Cécile Duverger, à droite, et Jet Planken, violoncelliste, applaudis très amicalement par les choristes et le public.
Des spectateurs debout. Applaudissements nourris et même quelques cris de joie au fond de l’église Saint-Martin mardi soir. L’ensemble choral Résonance de Cherbourg a terminé sa saison sur une très bonne note!
A l’heure de recevoir les bouquets de fleurs, Cécile Duverger, la cheffe de choeur, était soulagée du travail accompli par ses choristes. Jet Planken, la violoncelliste, concentrée plus que jamais dans la restitution du chant orthodoxe de John Tavener, pouvait enfin sourire franchement. Tout comme Nathalie Omond, la soliste, plébiscitée après le Confitebor de Monteverdi.
C’est surtout une équipe qui a été récompensée, composée de trente-sept choristes depuis l’arrivée cette année de nombreuses voix nouvelles dont des voix d’hommes puissantes. Une chance au regard du programme proposé par Cécile Duverger.
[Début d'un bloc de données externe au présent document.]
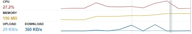 Selain itu, Anda juga dapat melihat data tentang CPU, penggunaan memori, dan kecepatan upload dan download:
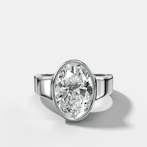 Finest Tapered Bezel Set Engagement Ring With Oval Cut Diamond

Les Sept Paroles du Christ de Gounod, récitées par Benjamin et chantées avec force par le choeur, ont fait passer le frisson dans l’assistance. Les motets à la Vierge de Monteverdi, si complexes, ont permis à la chorale de donner toute l’étendue de ses capacités, avec des litanies poignantes en point d’orgue. Quant au Svyati de Tavener, interprété dans un silence de cathédrale sur des partitions toutes faites d’arabesques et de profondes basses, il en a laissé plus d’un bouche bée.
Après le succès du premier concert au Vast trois jours avant, Résonance a confirmé, quarante ans après sa création, qu’elle est arrivée à pleine maturité.